Margaret Ann Louise Jobson (born 14 March 1955) is a Jamaican diplomat. She has served as a member of diplomatic staff and as ambassador of Jamaica to Germany, with dual accreditation to a number of European countries.

==Career==
Jobson was born in Manchester Parish, Jamaica on 14 March 1955. She graduated from the University of the West Indies in 1977 and worked as a researcher at the Institute of Jamaica from 1977 to 1978. She then became administrator of the
Language Training Centre at the Ministry of Public Service from 1978 until 1980, and then an office manager at
Language Today Limited from 1980 to 1981. In 1982 she was appointed assistant to the regional adviser for education and development, and then regional adviser for Sciences and Technologies of the Caribbean Office of UNESCO until 1985. In 1985 she became an administrative assistant
at the United Nations Development Programme (UNDP), and in 1986 became senior program assistant there.
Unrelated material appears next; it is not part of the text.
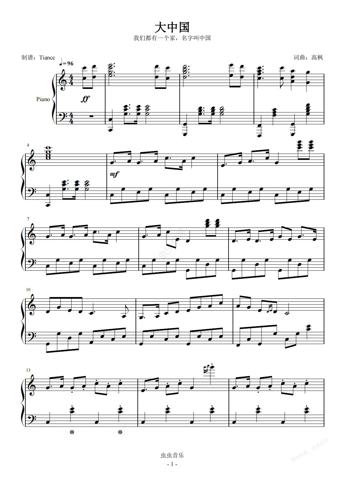 钢琴谱:《大中国》我们都有一个家,名字叫中国!599难度

In 1989 Jobson was given responsibility for the Program and Projects Management Department at the United Nations Development Programme, which she held until 1994. In 1995 she became National Program Officer for Jamaica and the Turks and Caicos Islands for the UNDP and in 1996 she was Agency Coordinator of the Public Sector Modernization Project. She was in this post until 2003, during which time she graduated from her alma mater, the University of the West Indies, with a master's degree in Human Resources Development in 2000. In 2003 she became Undersecretary at the Ministry of Foreign Affairs and Foreign Trade, and in November 2013 was appointed ambassador of Jamaica to Germany.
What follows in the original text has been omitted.